Akimasa Kaizu

Feasibility of discrete track perpendicular media for high track density recording

In conventional hard disk drive signal recording, the track pitch and the track density depend mainly on the write/read width of the magnetic head. In order to increase the track density, a narrow head is needed. We are developing a discrete track media with perpendicular anisotropy to evaluate the capability of high recording density. The tracks are separated physically by the groove. Then, the recording width and the track pitch are defined precisely by the tracks formed on the media. It is expected to have some features for high track density recording. The recording track fluctuation during the writing process and the magnetic interference from adjacent tracks are reduced. Also, the recording signal at the write-pole-edge is improved, and so on. We fabricated an actual discrete track perpendicular medium to evaluate the basic write/read properties. The measurements have been carried out on a spin-stand. The capability of this media at high track density are discussed.

Performance evaluation of discrete track perpendicular media for high recording density

In this paper, the evaluation results of the performance of discrete track perpendicular media is described. Discrete track patterns for data area and servo patterns such as address marks and burst patterns for each sector are formed by nano-imprint lithography and the dry etching process. Comparison of the error rate profile in both the discrete track media and conventional media is shown. Write and read operations are conducted by a perpendicular magnetic head which has MWW of 195 nm and MRW of 100 nm. In the conventional media, the error rate of the center-track is degraded due to the side-writing and cross talk. On the other hand, in the discrete track media, the error rate is kept unchangeable. This is because the grooves between the tracks prevent the side-writing and cross talk. In addition, higher SNR is observed at the narrower track pitch in the discrete track media.

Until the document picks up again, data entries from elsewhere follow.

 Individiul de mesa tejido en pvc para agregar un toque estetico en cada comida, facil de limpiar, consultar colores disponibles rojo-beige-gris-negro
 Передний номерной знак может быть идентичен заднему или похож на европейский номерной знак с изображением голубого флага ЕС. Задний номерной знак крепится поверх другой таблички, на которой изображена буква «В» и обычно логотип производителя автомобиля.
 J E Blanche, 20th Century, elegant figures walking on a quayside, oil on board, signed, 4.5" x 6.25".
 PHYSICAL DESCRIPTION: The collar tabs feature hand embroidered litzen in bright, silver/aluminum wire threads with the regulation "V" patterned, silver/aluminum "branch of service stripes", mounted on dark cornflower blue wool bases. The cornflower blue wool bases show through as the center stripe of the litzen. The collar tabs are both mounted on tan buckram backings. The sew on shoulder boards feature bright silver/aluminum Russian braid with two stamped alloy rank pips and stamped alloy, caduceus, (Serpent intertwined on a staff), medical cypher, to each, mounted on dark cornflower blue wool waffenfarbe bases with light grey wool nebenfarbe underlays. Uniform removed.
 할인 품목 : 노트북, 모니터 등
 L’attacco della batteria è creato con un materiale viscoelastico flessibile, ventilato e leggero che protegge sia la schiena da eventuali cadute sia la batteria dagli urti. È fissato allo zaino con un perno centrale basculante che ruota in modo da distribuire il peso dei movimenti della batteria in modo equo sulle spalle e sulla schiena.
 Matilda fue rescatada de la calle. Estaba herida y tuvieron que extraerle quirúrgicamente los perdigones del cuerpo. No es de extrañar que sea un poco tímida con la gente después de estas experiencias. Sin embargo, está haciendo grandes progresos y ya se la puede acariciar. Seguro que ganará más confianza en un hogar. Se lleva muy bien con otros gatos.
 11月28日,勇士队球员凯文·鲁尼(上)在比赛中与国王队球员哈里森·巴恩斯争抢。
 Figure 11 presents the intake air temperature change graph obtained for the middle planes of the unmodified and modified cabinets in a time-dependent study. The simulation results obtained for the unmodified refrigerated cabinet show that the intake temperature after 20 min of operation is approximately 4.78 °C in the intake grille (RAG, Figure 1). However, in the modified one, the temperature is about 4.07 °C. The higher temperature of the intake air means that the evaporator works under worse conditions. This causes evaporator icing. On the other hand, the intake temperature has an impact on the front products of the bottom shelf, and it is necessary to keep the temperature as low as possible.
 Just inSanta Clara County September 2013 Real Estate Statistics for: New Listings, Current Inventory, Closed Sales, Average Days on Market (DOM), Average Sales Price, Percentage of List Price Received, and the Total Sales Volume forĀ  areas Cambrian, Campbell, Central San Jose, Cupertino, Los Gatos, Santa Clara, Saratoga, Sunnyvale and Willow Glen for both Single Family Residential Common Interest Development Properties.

Performance of Discrete Track Perpendicular Media on Off-Track-Capability at Higher Track Density

The off-track-capability (OTC) of the discrete track perpendicular medium is investigated by using Landau-Lifshitz-Gilbert micromagnetic simulation. The OTC is very important to design the system of the HDD. In this simulation, the OTC of the read head, the OTC of the write head and the OTC where both the read head and the write head have off-track are shown from the point of signal-to-noise ratio (SNR). The simulation results show that the discrete track medium has superior advantage on the OTC for both reading and writing process

Micromagnetic modeling of discrete patterned perpendicular media

In this paper, the benefit to separate each track and the feasibility to increase track density are investigated by using Landau-Lifshits-Gilbert micromagnetic model. A MFM image of the discrete patterned media recorded at 50 kFCL is shown. In the recording process, the single pole write head with a width, Pw, of 200 nm and a thickness, Pt, of 300 nm is used.